» Exercise
Return every record verbatim, omitting all pictures.

» Recorded data
++++++++++++++++++++

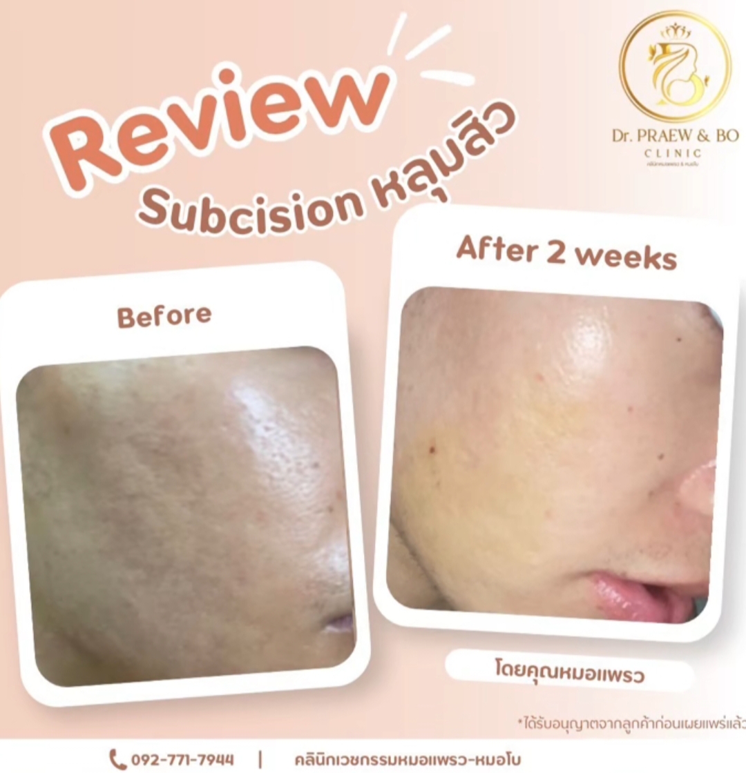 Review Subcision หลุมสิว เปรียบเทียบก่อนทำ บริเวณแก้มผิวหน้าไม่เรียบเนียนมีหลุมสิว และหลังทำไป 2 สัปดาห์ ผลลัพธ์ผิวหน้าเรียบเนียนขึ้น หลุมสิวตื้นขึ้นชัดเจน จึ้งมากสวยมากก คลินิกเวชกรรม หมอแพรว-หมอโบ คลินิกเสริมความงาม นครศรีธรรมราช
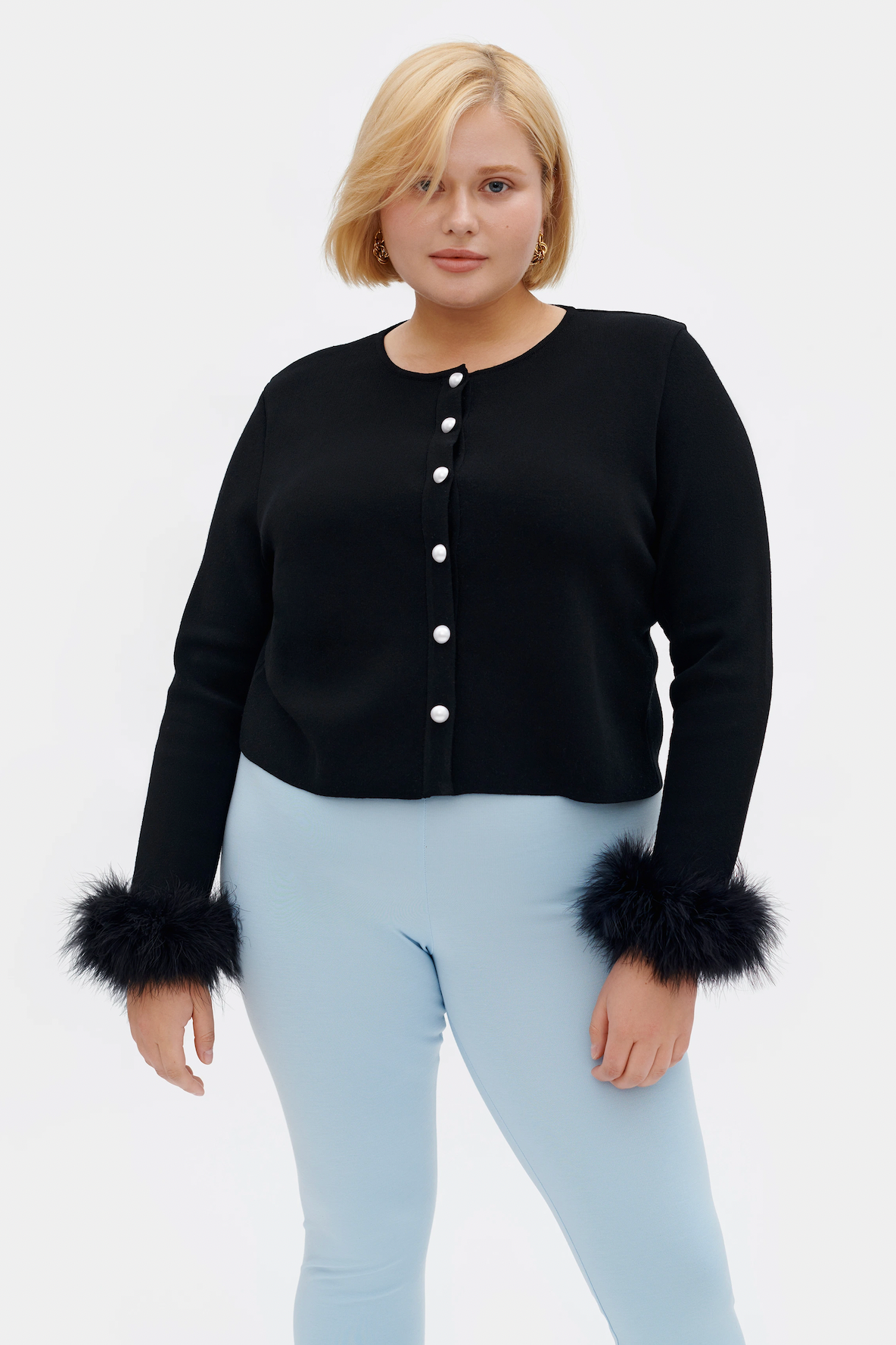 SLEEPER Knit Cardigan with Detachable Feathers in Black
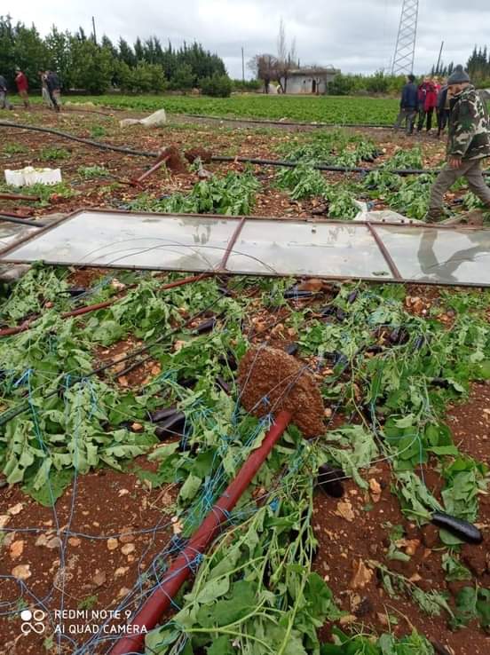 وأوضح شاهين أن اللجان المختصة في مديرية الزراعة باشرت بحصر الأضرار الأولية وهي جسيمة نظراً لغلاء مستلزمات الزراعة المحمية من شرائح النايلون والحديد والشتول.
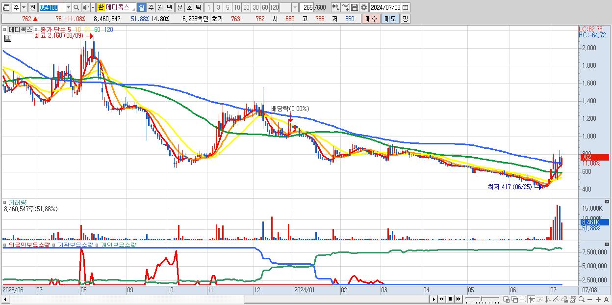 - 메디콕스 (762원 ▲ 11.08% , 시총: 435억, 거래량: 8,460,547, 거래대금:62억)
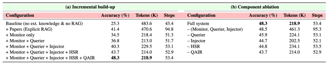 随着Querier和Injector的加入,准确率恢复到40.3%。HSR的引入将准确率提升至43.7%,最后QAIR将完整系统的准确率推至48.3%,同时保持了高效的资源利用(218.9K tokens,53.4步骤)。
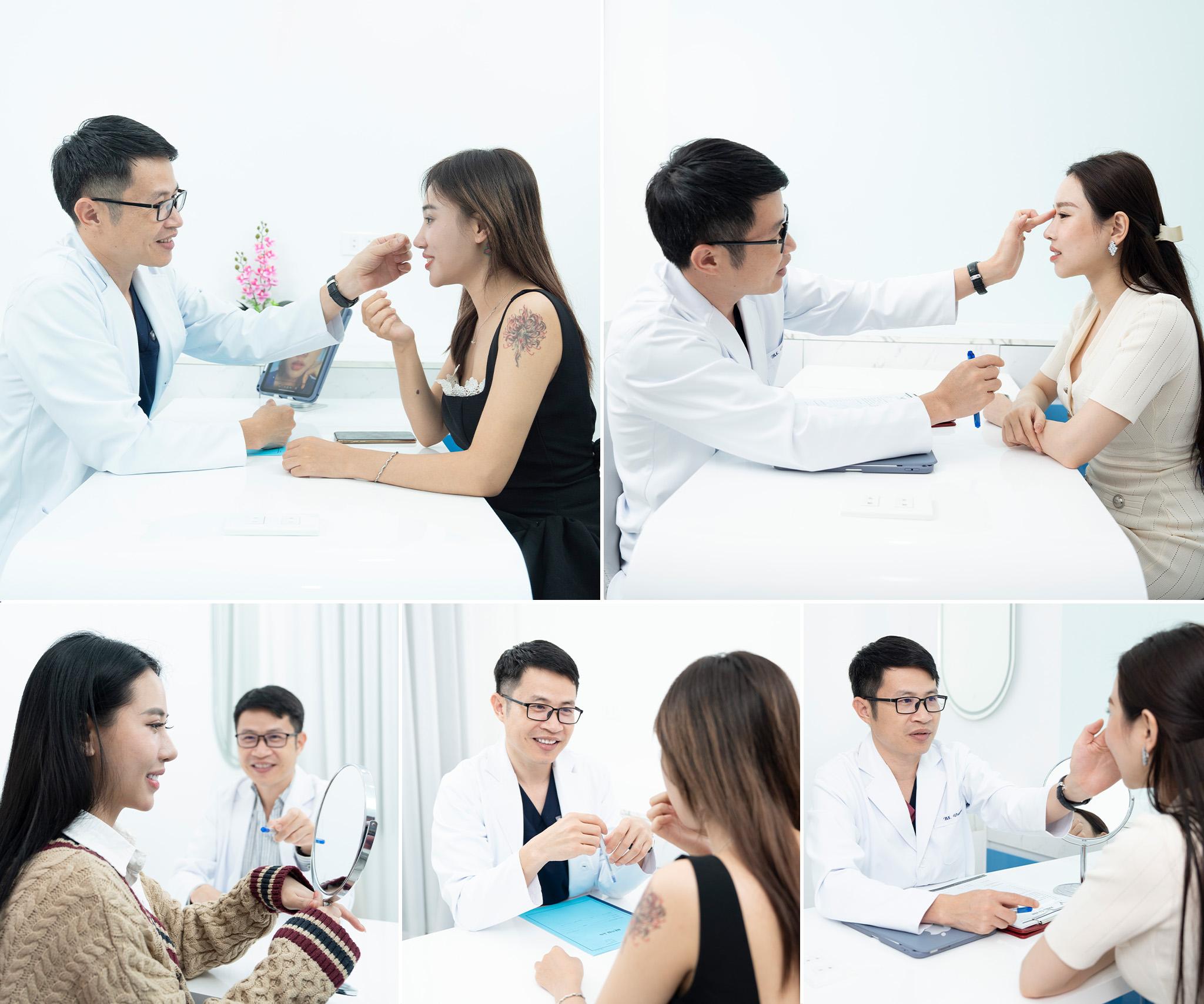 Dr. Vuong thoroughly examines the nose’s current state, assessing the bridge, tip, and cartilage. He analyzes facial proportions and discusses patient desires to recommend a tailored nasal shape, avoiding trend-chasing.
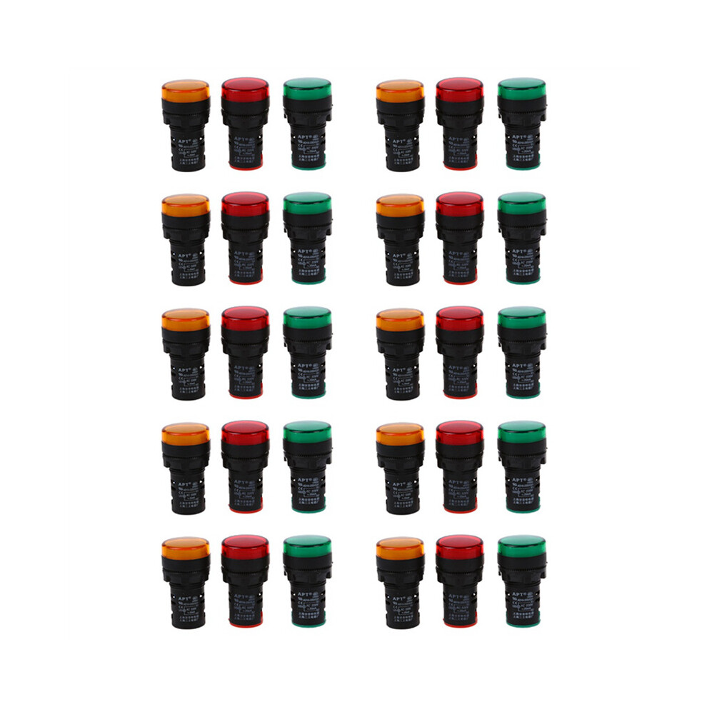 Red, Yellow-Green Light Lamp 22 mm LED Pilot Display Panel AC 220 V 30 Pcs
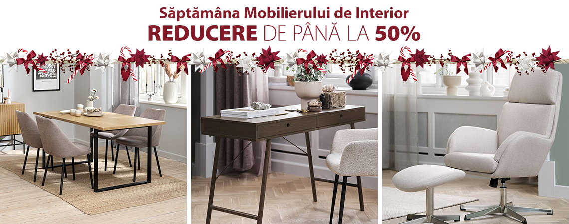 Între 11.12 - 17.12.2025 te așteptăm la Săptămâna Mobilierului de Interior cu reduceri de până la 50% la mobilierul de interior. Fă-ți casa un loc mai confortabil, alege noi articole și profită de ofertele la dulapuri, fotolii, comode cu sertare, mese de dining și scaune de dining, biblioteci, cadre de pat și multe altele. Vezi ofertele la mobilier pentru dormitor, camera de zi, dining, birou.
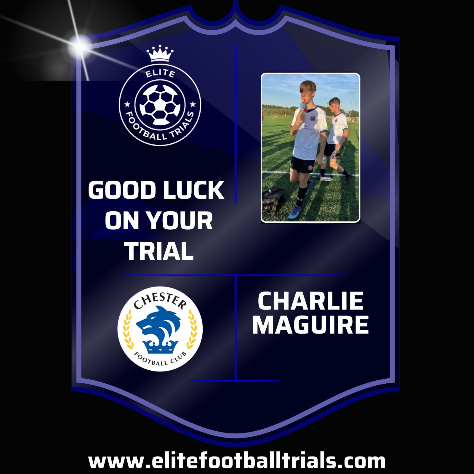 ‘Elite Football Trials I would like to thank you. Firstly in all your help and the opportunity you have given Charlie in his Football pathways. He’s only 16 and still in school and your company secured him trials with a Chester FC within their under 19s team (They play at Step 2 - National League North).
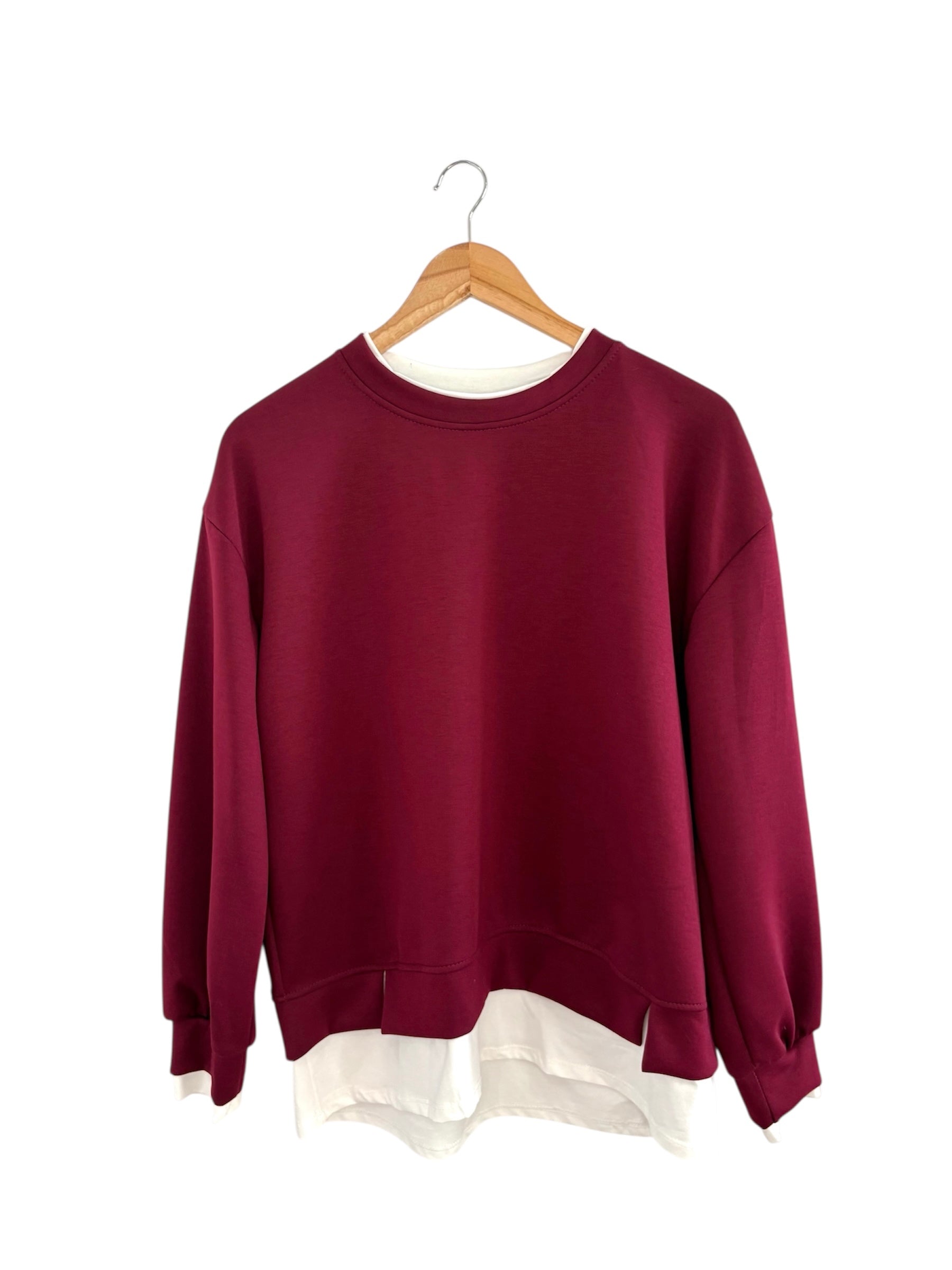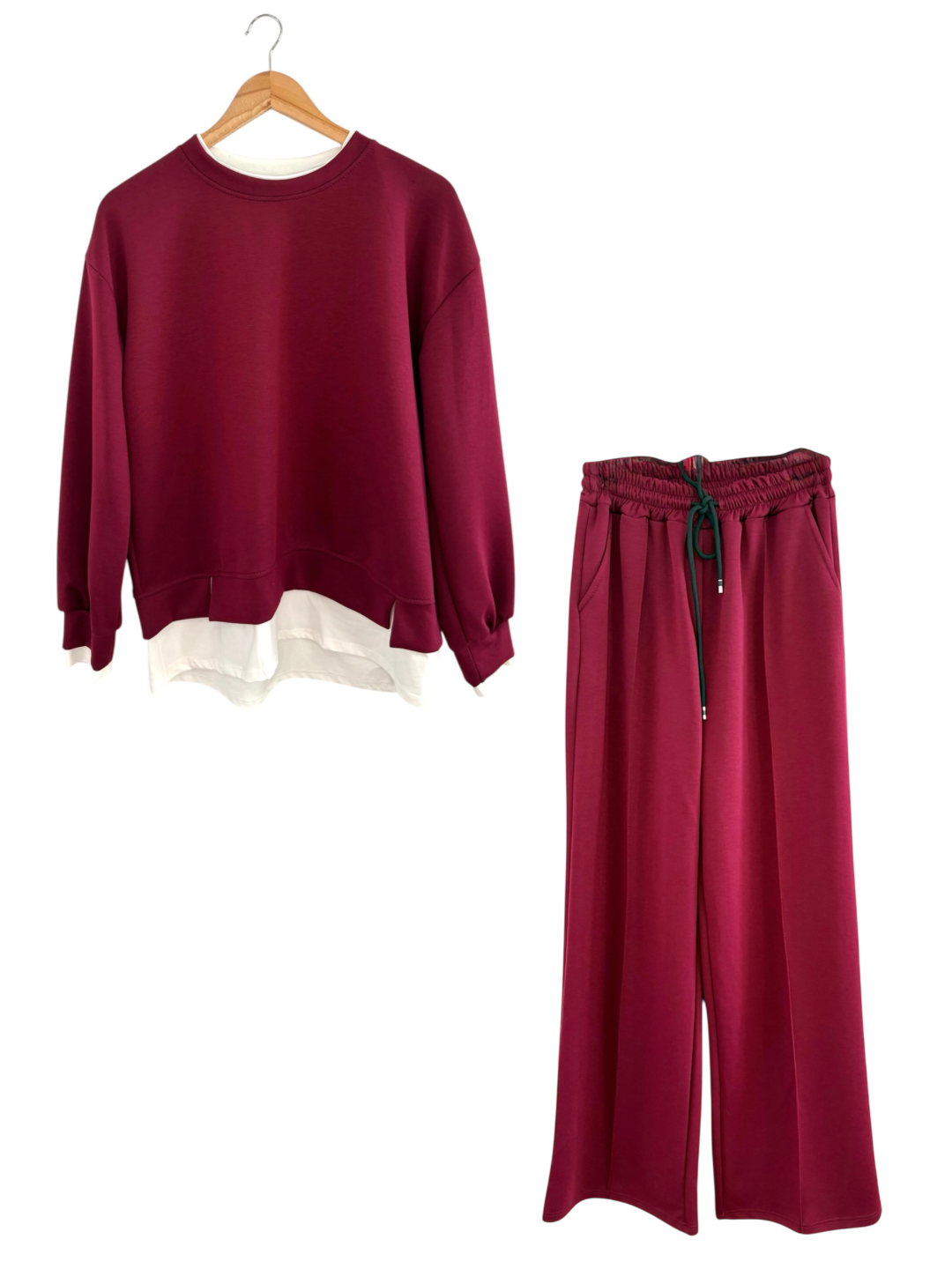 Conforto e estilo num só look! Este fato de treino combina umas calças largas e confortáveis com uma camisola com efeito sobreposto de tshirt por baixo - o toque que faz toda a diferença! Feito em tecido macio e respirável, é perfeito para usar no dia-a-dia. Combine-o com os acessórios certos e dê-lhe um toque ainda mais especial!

++++++++++++++++++++

» Response to this task
 Review Subcision หลุมสิว เปรียบเทียบก่อนทำ บริเวณแก้มผิวหน้าไม่เรียบเนียนมีหลุมสิว และหลังทำไป 2 สัปดาห์ ผลลัพธ์ผิวหน้าเรียบเนียนขึ้น หลุมสิวตื้นขึ้นชัดเจน จึ้งมากสวยมากก คลินิกเวชกรรม หมอแพรว-หมอโบ คลินิกเสริมความงาม นครศรีธรรมราช
 SLEEPER Knit Cardigan with Detachable Feathers in Black
 وأوضح شاهين أن اللجان المختصة في مديرية الزراعة باشرت بحصر الأضرار الأولية وهي جسيمة نظراً لغلاء مستلزمات الزراعة المحمية من شرائح النايلون والحديد والشتول.
 - 메디콕스 (762원 ▲ 11.08% , 시총: 435억, 거래량: 8,460,547, 거래대금:62억)
 随着Querier和Injector的加入,准确率恢复到40.3%。HSR的引入将准确率提升至43.7%,最后QAIR将完整系统的准确率推至48.3%,同时保持了高效的资源利用(218.9K tokens,53.4步骤)。
 Dr. Vuong thoroughly examines the nose’s current state, assessing the bridge, tip, and cartilage. He analyzes facial proportions and discusses patient desires to recommend a tailored nasal shape, avoiding trend-chasing.
 Red, Yellow-Green Light Lamp 22 mm LED Pilot Display Panel AC 220 V 30 Pcs
 Între 11.12 - 17.12.2025 te așteptăm la Săptămâna Mobilierului de Interior cu reduceri de până la 50% la mobilierul de interior. Fă-ți casa un loc mai confortabil, alege noi articole și profită de ofertele la dulapuri, fotolii, comode cu sertare, mese de dining și scaune de dining, biblioteci, cadre de pat și multe altele. Vezi ofertele la mobilier pentru dormitor, camera de zi, dining, birou.
 ‘Elite Football Trials I would like to thank you. Firstly in all your help and the opportunity you have given Charlie in his Football pathways. He’s only 16 and still in school and your company secured him trials with a Chester FC within their under 19s team (They play at Step 2 - National League North).
 Conforto e estilo num só look! Este fato de treino combina umas calças largas e confortáveis com uma camisola com efeito sobreposto de tshirt por baixo - o toque que faz toda a diferença! Feito em tecido macio e respirável, é perfeito para usar no dia-a-dia. Combine-o com os acessórios certos e dê-lhe um toque ainda mais especial!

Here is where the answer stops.